Motorcyclists make up a third of road deaths

in News · 07-08-2020 01:00:00 · 2 Comments

Almost a third of those killed in road accidents registered by the GNR in May and June were motorcyclists.

“We have recorded over the last two months, from May to June, that about 30 percent of the deaths resulting from road traffic accidents involve motorcycles”, said Major José Beleza, from the GNR, together with the steward Nuno Carocha, of the PSP, and Rui Ribeiro, president of the National Public Security Authority (ANSR).

In addition to excessive speed, Major José Beleza also pointed out the “lack of dexterity” of riders as one of the causes behind the high level of motorcycle accidents.

“Occasional drivers who ride motorcycles will not have the skill and expertise to avoid accidents. We also know that the drivers of other vehicles must take maximum care and must indicate manoeuvres they are going to perform to make it possible for motorcycle riders to be able to anticipate their manoeuvres and their behaviour and, therefore, avoid accidents,” said the Major.

Regarding the increase in the capacity of the National Speed Control Programme (SINCRO), approved last week in the Council of Ministers, Rui Ribeiro said that the proposal for the acquisition of 30 new speed radars will be opened this year.

“It is estimated that in 2021 there will be radars in operation and in 2022 they will be fully installed”, he said, adding that the programme extends until 2024.

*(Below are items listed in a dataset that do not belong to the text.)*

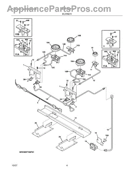 Burner base includes orifice and ignitor.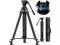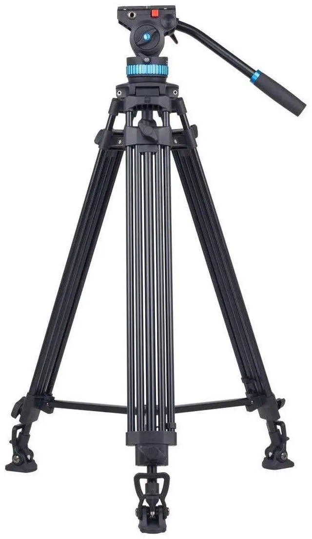 Sturdy Aluminum Alloy TripodAluminum alloy construction with strong telescopic twin legs tubes and middle spreader, the video tripod has reliable stability and support weight up to 22.0 lb/10kg. ^^ Professional Video Fluid HeadDynamic balancing system allow stepless 360 horizontal and -75to +90 vertical movements. The bottom ring can adjust the amount of tension, which make the heavy duty tripod pan from left to right for smooth and stable movement while recording. ^^ Quick Height AdjustmentThe 3-section telescopic legs tripod height can be adjusted easily and rapidly from 36.06" (91cm) to 74.8" (190cm) with oversized leg locking knobs and buckles.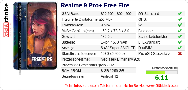 Hast du eigene Webseite? Willst du die Informationen über Standarddaten des Handys Realme 9 Pro+ Free Fire irgendwo veröffentlichen? Das ist sehr einfach. Du kannst das Bild herunterladen oder kopieren und auf der Webseite folgenden Code hinzufügen:Das Einfügen von diesem Code verursacht das Anzeigen von dem folgenden Bild: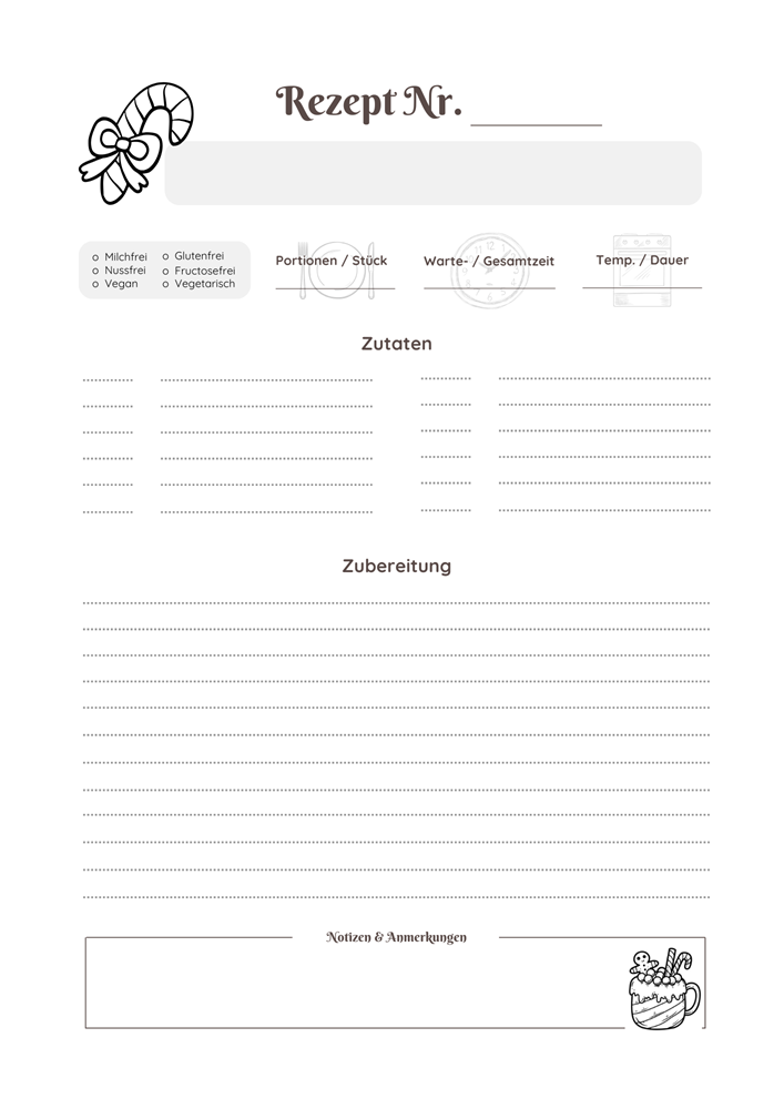 Verleihe deiner Weihnachtsküche eine persönliche Note und kreiere deine ganz eigene Sammlung festlicher Rezepte. Lade dir jetzt deine Vorlage herunter und lass deiner Kreativität freien Lauf!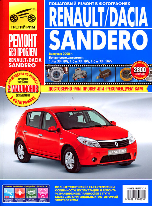 Цветное иллюстрированное справочное издание Руководство по ремонту Дачия Сандеро, Рено Сандеро, Сандеро Степвей, а также руководство по эксплуатации и техническому обслуживанию, устройство Dacia Sandero / Renault Sandero / Sandero Stepway с 2008 г. выпуска, оборудованных бензиновыми двигателями рабочим объемом 1,4 (R4, 8V) и 1,6 л. (R4, 8V и R4, 16V).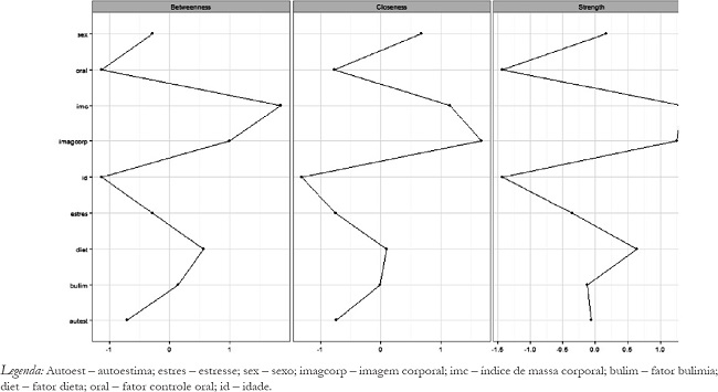 É possível observar que o IMC foi a variável com maior betweeness (conectividade), ou seja, é a variável que mais faz ligações com outras. A imagem corporal apresentou mais closeness (proximidade), possuindo menor distância das outras variáveis porque representa o número de conexões observadas em razão de todas as possíveis. O IMC e a imagem corporal tiveram mais strength (força), já que possuíram as correlações mais fortes com as demais variáveis do sistema (Figura 2).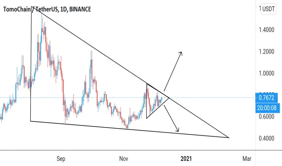 We could see a breakout above the symmetrical triangle + falling wedge resistance as bullish ⬆️ and a breadown below the symmetrical triangle support as bearish ⬇️.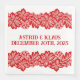 Norwegian design, both traditional and modern, became very popular in the United States in the fabulous 1950's. Red Norwegian "lace" on snowy white, with a cozy matching font, makes for a unique and beautiful wedding design.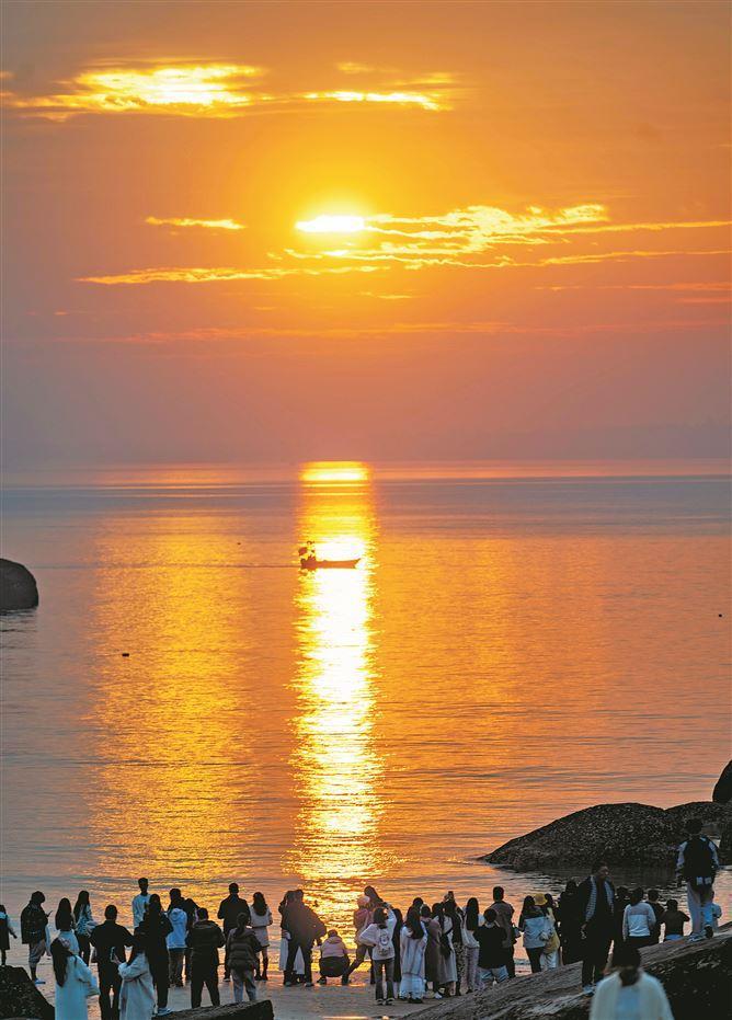 傍晚时分,夕阳西下,记者来到环岛路,海浪、椰子树、彩绘马路等元素,尽显海岛风情。清晨5时左右的黄厝沙滩,更是被网友称为“日出打卡胜地”。

“ANSR will launch a public proposal for the acquisition, installation and maintenance of the new equipment. The contractual execution term is five years, in which the first year is for installation of the 50 speed control locations (LCV) and the rest for maintenance and operation of the entire SINCRO system, estimated to be worth €8.5 million”, said in a statement from the ANSR released last week.

The extension of the programme foresees 50 new LVCs, increasing the capacity from the current 60 to 110 LCVs.

For this purpose, 30 new radars will be acquired, 20 of which for instantaneous speed recording, and 10 for the measurement of average speed between two points, a new feature for Portugal, the ANSR said.

“The new radars will introduce in Portugal the control of average speed between two points, and the ability to measure, simultaneously, the speed of several vehicles, even in cases when they circulate side by side “, said the statement.

The ANSR document explains that “the selection for the locations for the installation of the new radars has been based on, among other factors, the level of accidents that exist in specific areas and where excessive speeds have been registered”.

Among the places identified as priorities for the installation of the new radars are points on national roads in Palmela, Vila Franca de Xira, Vila Verde or Penafiel, among others, but also two complementary routes, the IC19, which links Sintra to Lisbon, and the IC8, in Sertã.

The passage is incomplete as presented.